Les électeurs de l'entité serbe de Bosnie ont commencé à voter dimanche pour élire un successeur à Milorad Dodik, qui a dirigé la Republika Srpska (RS) pendant deux décennies avant d'être démis de ses fonctions par la justice après une grave crise politique.

Le nouveau président de la RS, qui couvre la moitié du territoire de la Bosnie, ne devrait rester au pouvoir qu'un an, puisque ce scrutin anticipé ne remet pas en question la tenue des élections générales en octobre 2026.

Ce vote est censé mettre fin à une période de turbulences en Bosnie, qui a vu le duel entre M. Dodik, proche de Moscou, et le Haut Représentant international - chargé du respect de l'accord de paix de 1995 - pousser le pays dans la plus grave crise politique depuis la fin de la guerre.

Le Haut représentant dispose de larges pouvoirs: il peut imposer ou modifier des lois, limoger des élus... Des prérogatives dénoncées sans cesse par M. Dodik, qui a multiplié les menaces sécessionnistes et les insultes envers l'actuel envoyé international, Christian Schmidt, un ex-ministre allemand arrivé en 2021.

"Ces élections ont été organisées par les musulmans bosniaques et Schmidt", a déclaré Dodik dimanche après avoir voté dans sa ville natale de Laktasi.

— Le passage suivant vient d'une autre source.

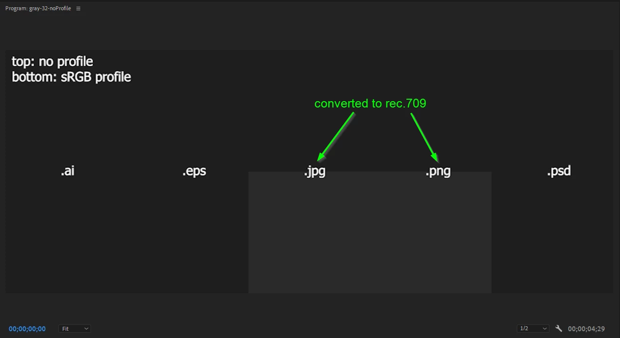 That includes you sRGB! I mean look at this. We don't have control over it. This is a 5x2 grid of identical color squares with same filetype vertically. The top row has no profile embedded and sRGB embedded bottom row. Only .jpg and .png get detected and auto converted whilst AE detects .psd .ai and I think .eps too.
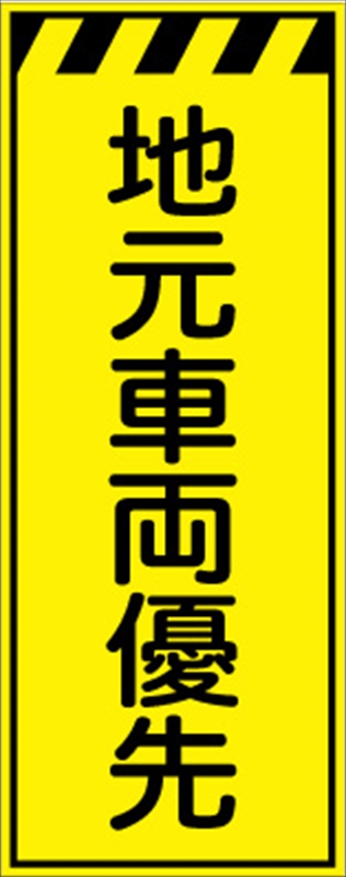 工事看板 【地元車両優先】 プリズム蛍光高輝度イエロー W550mm×H1400mm 【鉄枠付】 安全標識 工事中看板 CPF-544-Y
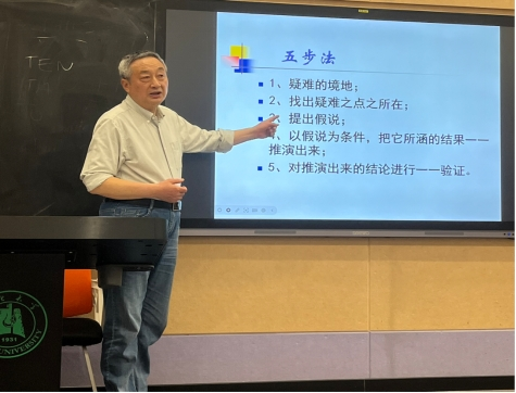 在理论溯源环节,陈老师以胡适《清代学者的治学方法》为切入点,揭示其“五步法”如何将抽象理念转化为可操作的研究路径。通过顾炎武考订《洪范》“义”(義)字音韵的经典案例,生动演绎了传统考据学方法与现代研究范式的内在契合。为深化理论认知,陈老师创造性引入逻辑学假说演绎法,结合新冠病毒溯源、元素周期表发现、大陆漂移说等科学案例,系统剖析科学假说的生成机制与验证路径。这种多学科视野的融合,既展现了方法论研究的理论纵深,又为学生构建学术论证框架提供了可资借鉴的思维模型。
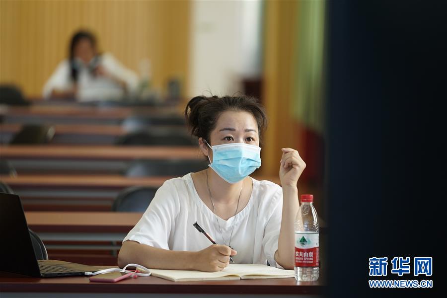 8月24日,北京教育学院附属丰台实验学校的老师在参加相关培训。 开学前夕,北京教育学院附属丰台实验学校以一米线、地贴等为分隔线,为学生设计适当的活动空间,从人员、防疫和教学等方面,做好秋季学期教育教学和疫情防控准备工作。 新华社记者 邢广利 摄
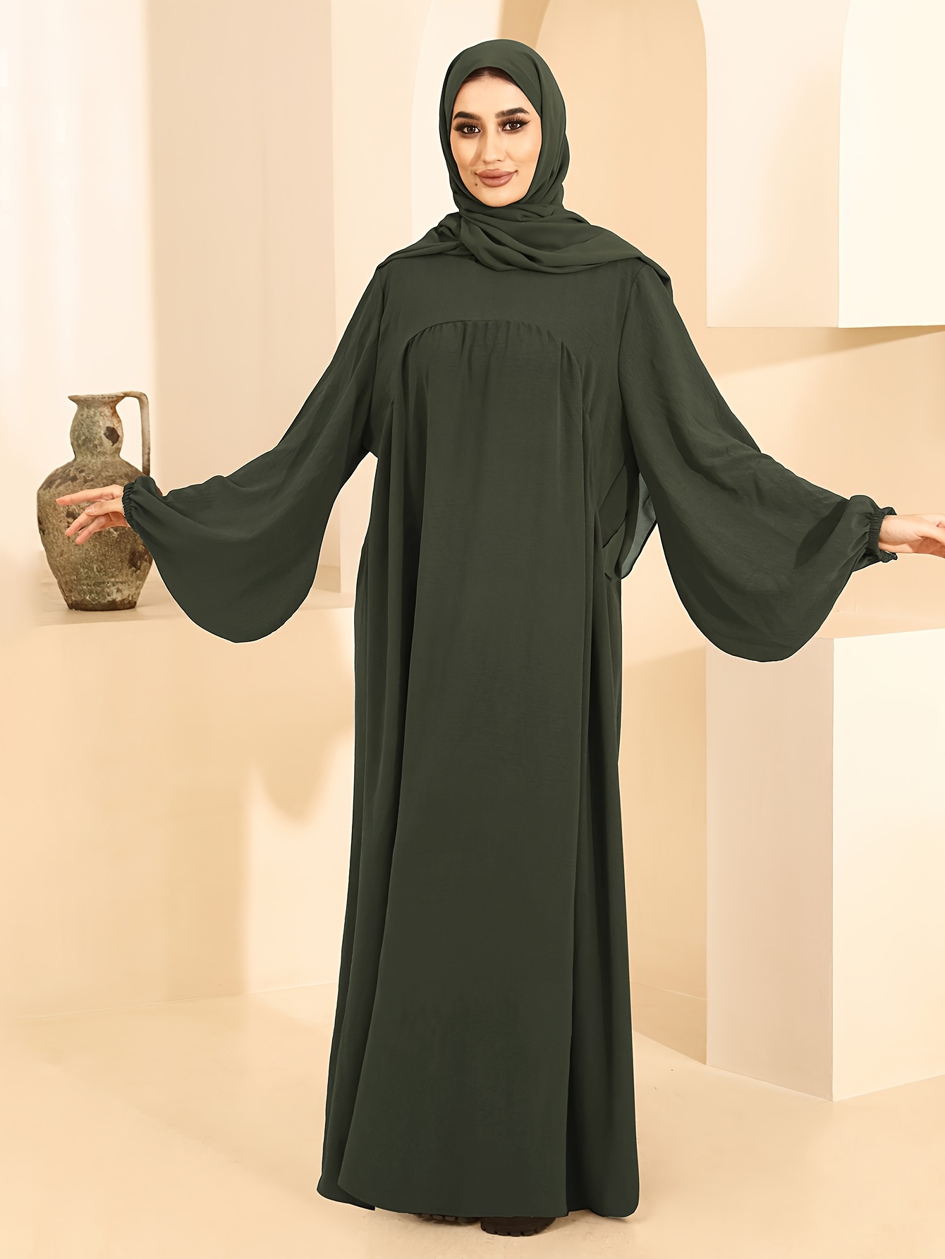 1pc Women'S Elegant Abaya Dress - Loose Fit Solid Color Muslim Prayer Dress with Belt, Lightweight Breathable Fabric for Spring Summer Fall, Casual & Formal Wear, Modest Muslim Women'S Clothing
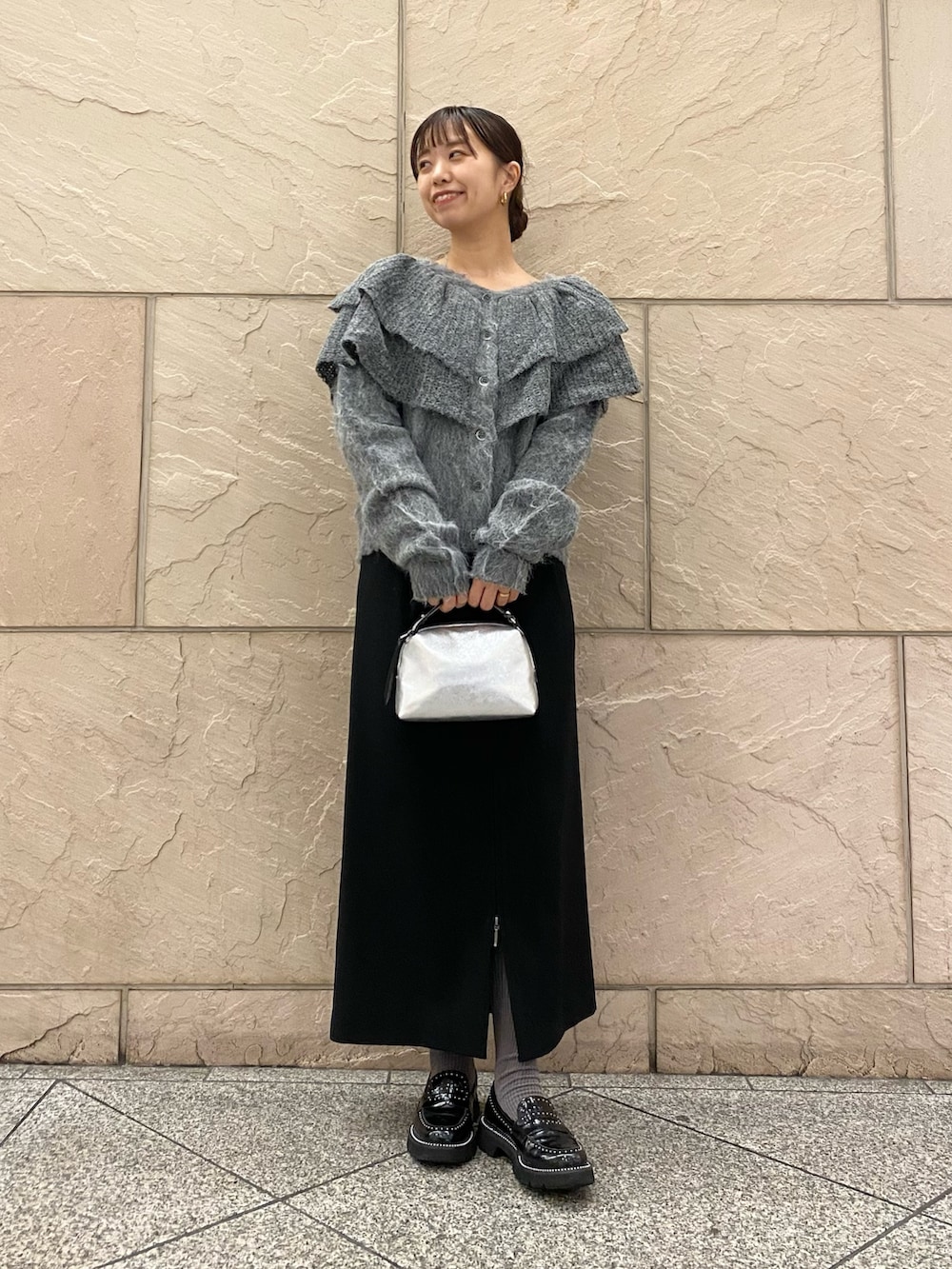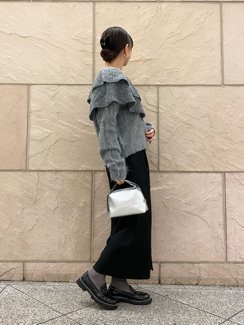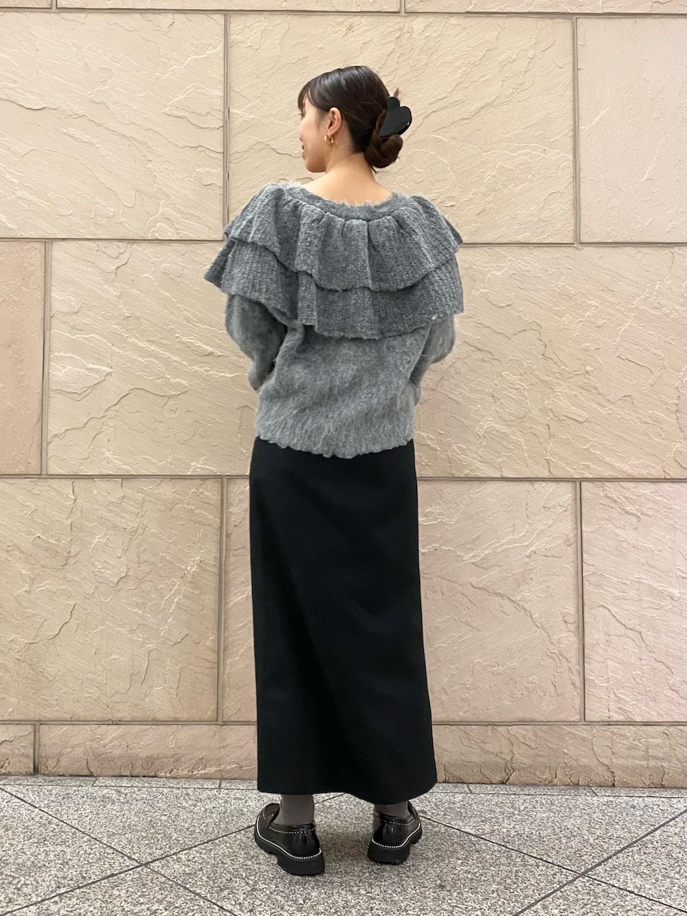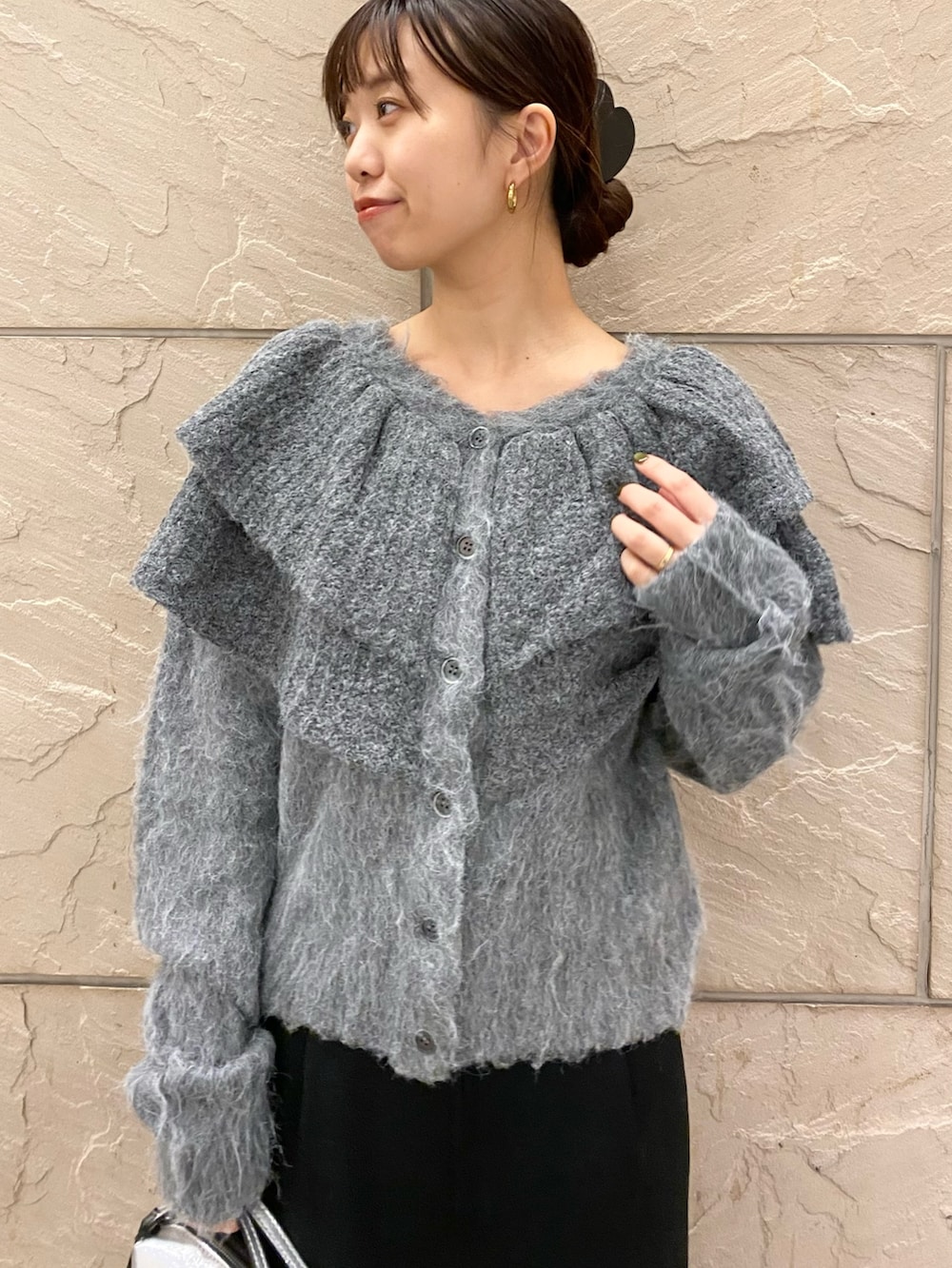 こちらは大きいフリルとふわふわ素材が目を引くニット

"Ils voulaient nous vaincre en Republika Srpska, et maintenant le peuple a une chance de les vaincre", a-t-il dit aux journalistes en promettant "la République serbe avant tout".

Deux favoris

Après avoir voté, Brankica Dragojlovic, une économiste retraitée, a exprimé l'espoir de jours meilleurs, car sa pension de 350 marks convertibles (180 euros, 206 dollars) est à peine suffisante pour s'en sortir.

"Ce que nous avons eu jusqu'à maintenant a été terrible... Si mon fils n'avait pas été là, je serais morte de faim. Il (Dodik) nous a tout volé, il devrait aider les pauvres, pas prendre l'argent pour lui", a-t-elle lancé.

Par cette journée froide et nuageuse, le taux de participation était inférieur à 10% à 10H00 GMT, a précisé la commission électorale centrale.

RTL

L'ancien président de la Republika Srpska Milorad Dodik (droite), et le candidat à la présidentielle Sinisa Karan, lors d'un meeting de campagne à Foca, en Bosnie-Herzégovine, le 13 novembre 2025 / © AFP/Archives

Six candidats sont en lice. Mais le choix des quelque 1,2 million d'électeurs devrait se porter entre le favori, Sinisa Karan, 63 ans, ancien ministre de l'Intérieur et homme de confiance de Milorad Dodik, et un quasi-inconnu, Branko Blanusa, professeur universitaire d'électrotechnique de 56 ans, dont la candidature est soutenue par plusieurs formations d'opposition.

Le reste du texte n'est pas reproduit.